Shame -- what a terrible movie to show to a sensitive teenager.
Teenagers are very sensitive and can easily be influenced, positively or negatively. They hear what they want to hear. This dejected movie tells them, at least for the first 20 or so minutes, don't do homework, don’t fall into parents pressure, don't take any after school activity, or don't drive to be the best!
Tells the teachers: don't give homework, don't push them to learn, or don't ask the teens to do anything. The movie tells the parents: don't pressure your children to do their best, don't help them to pursue their dreams, and don't ask them to do anything. What should they do then? It is left to the viewer.
Right from the beginning, it is obvious that the amateur filmmaker Vicki Abeles, has been depressed, has had problems with her family, especially with medical and emotional problems of her own three children, and has been under the impression that the suicide of a teenager is related to school.
The first time movie maker claims that she is exploring the culture of high achievement within her own family, her Bay Area community and around the country. The one sided interviews with selected students, parents, teachers and academicians in a selected area (only four cities) points out the negatives of our educational process. And that is a shame.

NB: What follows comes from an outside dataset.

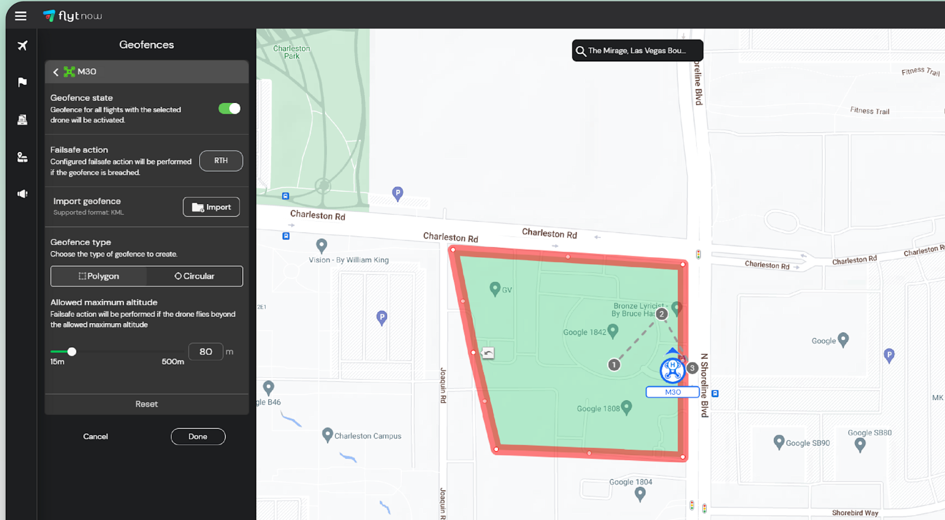 Also set geofence failsafe actions for the drone, such as land, hover, continue, and return to the docking station - in the event of a geofence breach.

But, certainly this is not her intention. The stated goal of the film is "to foster dialogue." What she wants to stress is the issues, problems, and test-centered education as a result of the no-child-left-behind idea. Then, if this is the case, why she does not point to the fact that these are the issues that the parents, teachers, and politicians need to be aware of and start to initiate a dialogue for change. Why the issue of homework is over emphasized? And why the movie, through repeated interviews with selected individuals claims that everything which goes wrong with teenagers, has to do with the pressure of overachievers. Is the suicide of a 13-year old student associated with a failing grade in a course? Couldn't it be related to the fact that she had been depressed for a while, but her parents did not realize it to get professional help? Couldn't it be related to the fact that any teenager can go through a critical period during the adolescence, but the teachers and parents need to be opening their eyes? And finally, why the title of the movie is "Race to Nowhere", rather than being "Issues, Pay Attention?" Race to nowhere implies to the teenagers that there is no future, why bother.
Probably the intention of first time movie maker is to depict the issues that teenagers are facing, the problem with our educational systems or the need for change. Unfortunately, certain critical issues have been negatively overemphasized. How can a coach teach someone to play basketball? Certainly, not by recommending to sit on a couch and listen; rather, to ask the player to practice, and practice, and practice. What is the point of repeated interview of "homework" is bad? The point is the overdose of anything is bad.
Finally, she gets it right; at the end of the movie, she summarizes the main points in a writing form; for example parents should ask children how they feel, reduce performance pressure, or know the signs of childhood depression; educators should evaluate each student on an individual basis, engage students in learning, or recognize the unique talents of each individual. Students should speak to the adults, get plenty of sleep, or do things that they enjoy.